• [Entries shown]
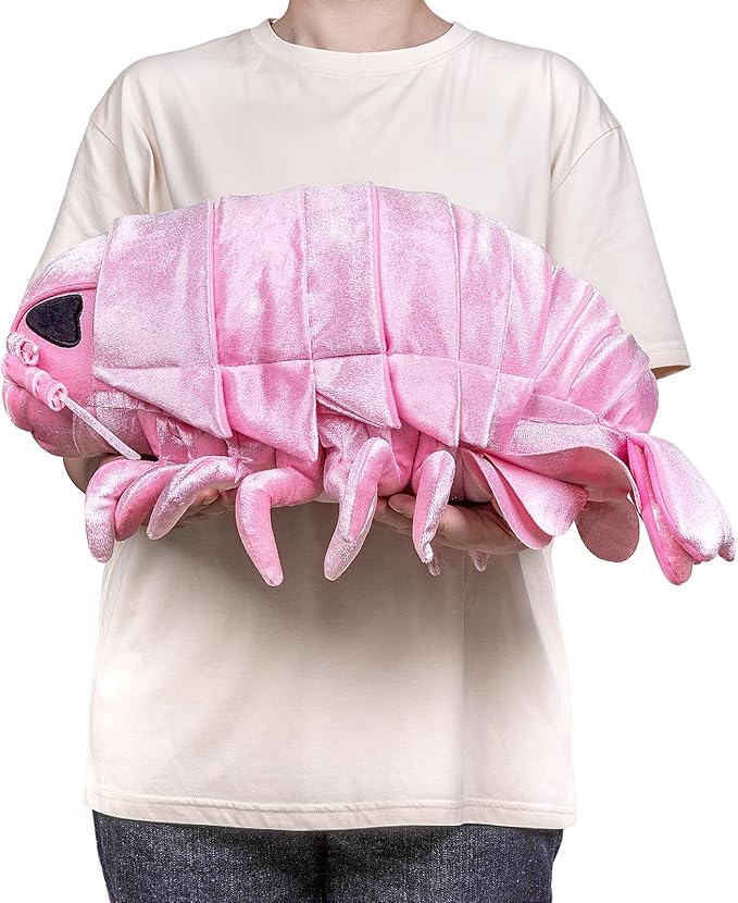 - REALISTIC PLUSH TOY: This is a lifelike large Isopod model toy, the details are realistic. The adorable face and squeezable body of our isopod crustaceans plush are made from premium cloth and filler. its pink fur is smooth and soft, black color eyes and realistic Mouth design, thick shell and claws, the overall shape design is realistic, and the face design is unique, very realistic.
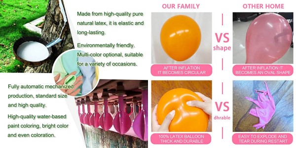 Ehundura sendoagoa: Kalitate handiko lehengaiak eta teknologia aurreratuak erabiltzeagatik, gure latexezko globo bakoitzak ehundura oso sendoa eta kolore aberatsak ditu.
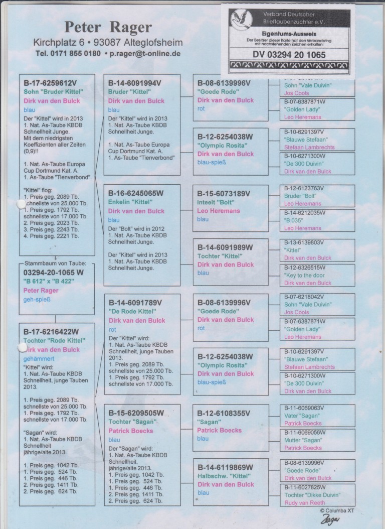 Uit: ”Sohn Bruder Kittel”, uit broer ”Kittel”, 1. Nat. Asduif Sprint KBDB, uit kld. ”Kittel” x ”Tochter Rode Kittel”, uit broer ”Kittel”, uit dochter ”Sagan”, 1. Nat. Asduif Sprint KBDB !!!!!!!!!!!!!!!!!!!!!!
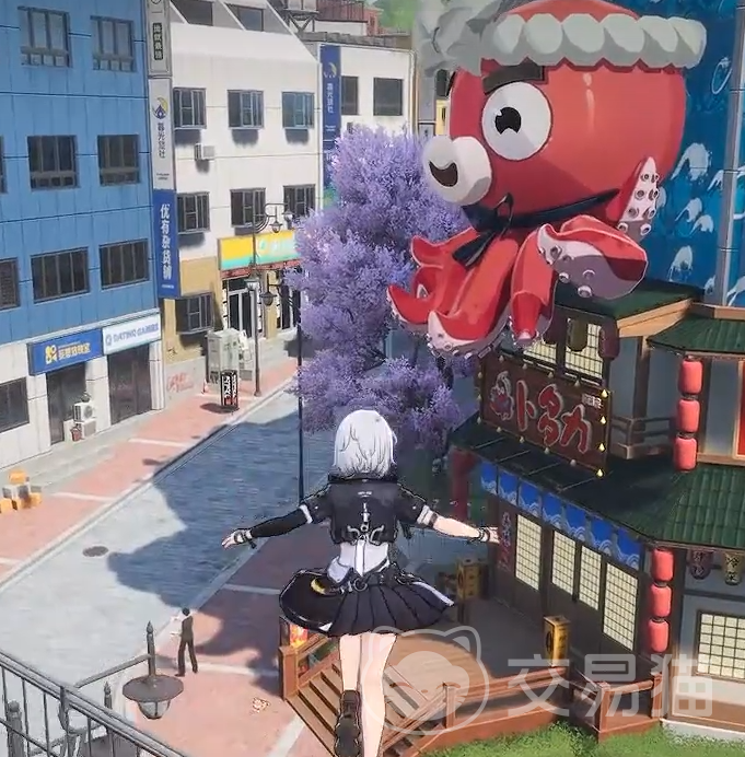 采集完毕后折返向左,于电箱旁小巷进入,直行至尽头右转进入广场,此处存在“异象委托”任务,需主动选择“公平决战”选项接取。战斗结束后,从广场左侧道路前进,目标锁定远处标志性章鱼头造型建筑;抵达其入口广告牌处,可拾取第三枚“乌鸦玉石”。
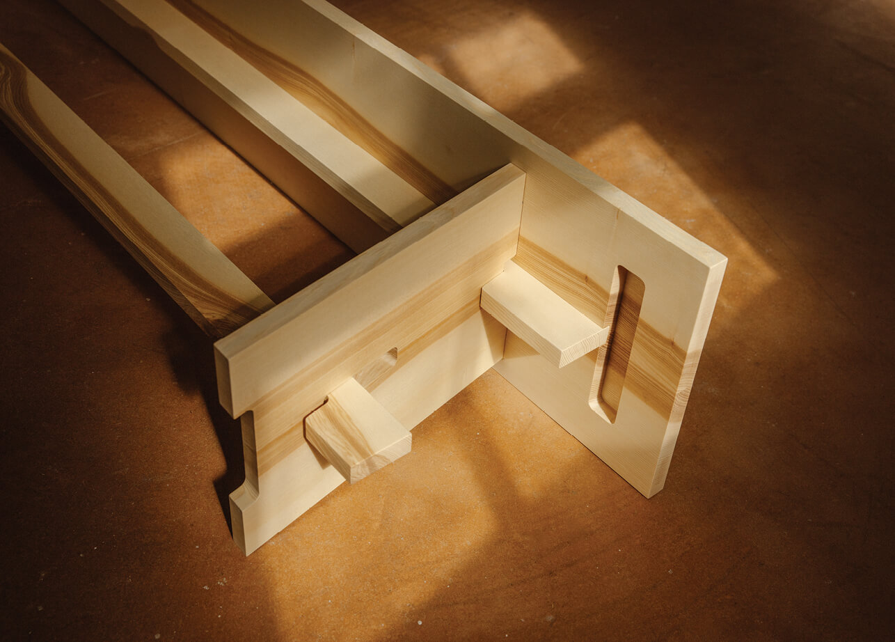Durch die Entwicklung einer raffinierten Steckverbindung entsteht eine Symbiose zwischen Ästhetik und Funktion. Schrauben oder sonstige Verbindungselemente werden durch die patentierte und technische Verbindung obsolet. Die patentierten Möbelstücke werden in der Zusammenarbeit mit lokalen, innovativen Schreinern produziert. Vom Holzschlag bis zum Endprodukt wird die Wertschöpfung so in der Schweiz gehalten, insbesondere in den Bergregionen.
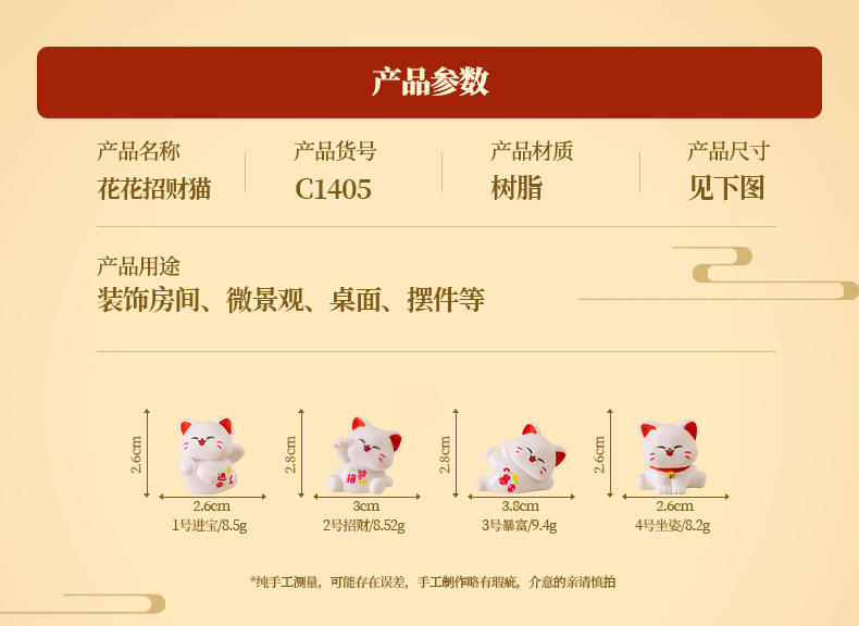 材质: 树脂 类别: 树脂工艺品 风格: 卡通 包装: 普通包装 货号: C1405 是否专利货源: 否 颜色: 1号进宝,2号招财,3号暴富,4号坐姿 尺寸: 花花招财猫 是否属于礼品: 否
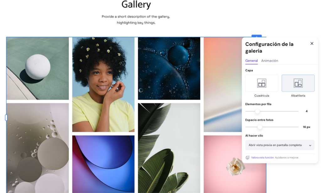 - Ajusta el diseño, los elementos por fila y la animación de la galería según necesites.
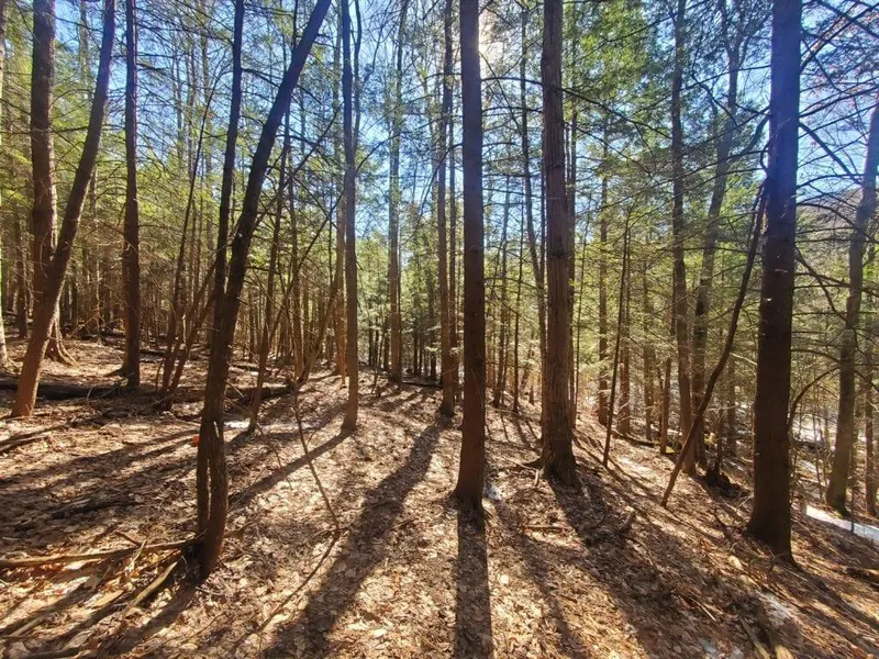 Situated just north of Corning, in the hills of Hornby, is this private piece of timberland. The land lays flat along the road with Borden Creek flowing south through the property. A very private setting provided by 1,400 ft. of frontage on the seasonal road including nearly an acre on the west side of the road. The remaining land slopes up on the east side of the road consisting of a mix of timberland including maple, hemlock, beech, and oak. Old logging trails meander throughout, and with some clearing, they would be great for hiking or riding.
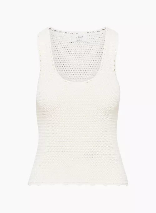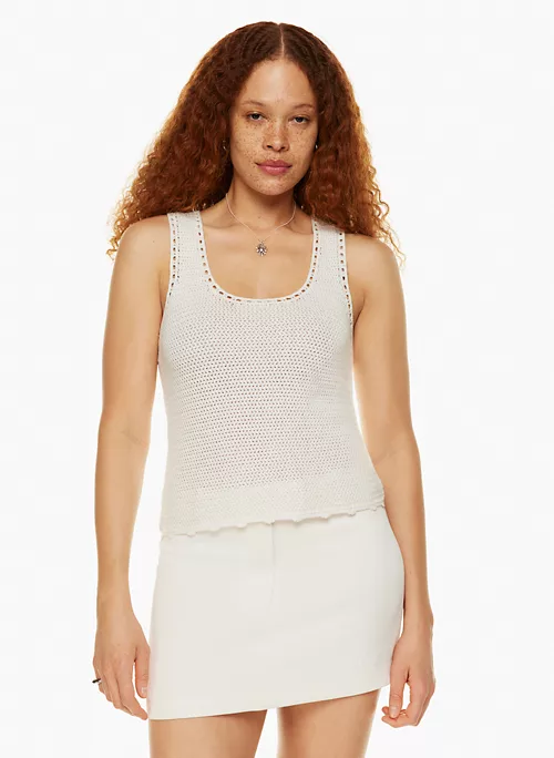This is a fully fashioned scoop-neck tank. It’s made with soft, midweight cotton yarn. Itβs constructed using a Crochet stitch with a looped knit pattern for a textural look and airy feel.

• [What is being asked] Drop the images and transcribe the entries above exactly.

• [Expected output]
 - REALISTIC PLUSH TOY: This is a lifelike large Isopod model toy, the details are realistic. The adorable face and squeezable body of our isopod crustaceans plush are made from premium cloth and filler. its pink fur is smooth and soft, black color eyes and realistic Mouth design, thick shell and claws, the overall shape design is realistic, and the face design is unique, very realistic.
 Ehundura sendoagoa: Kalitate handiko lehengaiak eta teknologia aurreratuak erabiltzeagatik, gure latexezko globo bakoitzak ehundura oso sendoa eta kolore aberatsak ditu.
 Uit: ”Sohn Bruder Kittel”, uit broer ”Kittel”, 1. Nat. Asduif Sprint KBDB, uit kld. ”Kittel” x ”Tochter Rode Kittel”, uit broer ”Kittel”, uit dochter ”Sagan”, 1. Nat. Asduif Sprint KBDB !!!!!!!!!!!!!!!!!!!!!!
 采集完毕后折返向左,于电箱旁小巷进入,直行至尽头右转进入广场,此处存在“异象委托”任务,需主动选择“公平决战”选项接取。战斗结束后,从广场左侧道路前进,目标锁定远处标志性章鱼头造型建筑;抵达其入口广告牌处,可拾取第三枚“乌鸦玉石”。
Durch die Entwicklung einer raffinierten Steckverbindung entsteht eine Symbiose zwischen Ästhetik und Funktion. Schrauben oder sonstige Verbindungselemente werden durch die patentierte und technische Verbindung obsolet. Die patentierten Möbelstücke werden in der Zusammenarbeit mit lokalen, innovativen Schreinern produziert. Vom Holzschlag bis zum Endprodukt wird die Wertschöpfung so in der Schweiz gehalten, insbesondere in den Bergregionen.
 材质: 树脂 类别: 树脂工艺品 风格: 卡通 包装: 普通包装 货号: C1405 是否专利货源: 否 颜色: 1号进宝,2号招财,3号暴富,4号坐姿 尺寸: 花花招财猫 是否属于礼品: 否
 - Ajusta el diseño, los elementos por fila y la animación de la galería según necesites.
 Situated just north of Corning, in the hills of Hornby, is this private piece of timberland. The land lays flat along the road with Borden Creek flowing south through the property. A very private setting provided by 1,400 ft. of frontage on the seasonal road including nearly an acre on the west side of the road. The remaining land slopes up on the east side of the road consisting of a mix of timberland including maple, hemlock, beech, and oak. Old logging trails meander throughout, and with some clearing, they would be great for hiking or riding.
This is a fully fashioned scoop-neck tank. It’s made with soft, midweight cotton yarn. Itβs constructed using a Crochet stitch with a looped knit pattern for a textural look and airy feel.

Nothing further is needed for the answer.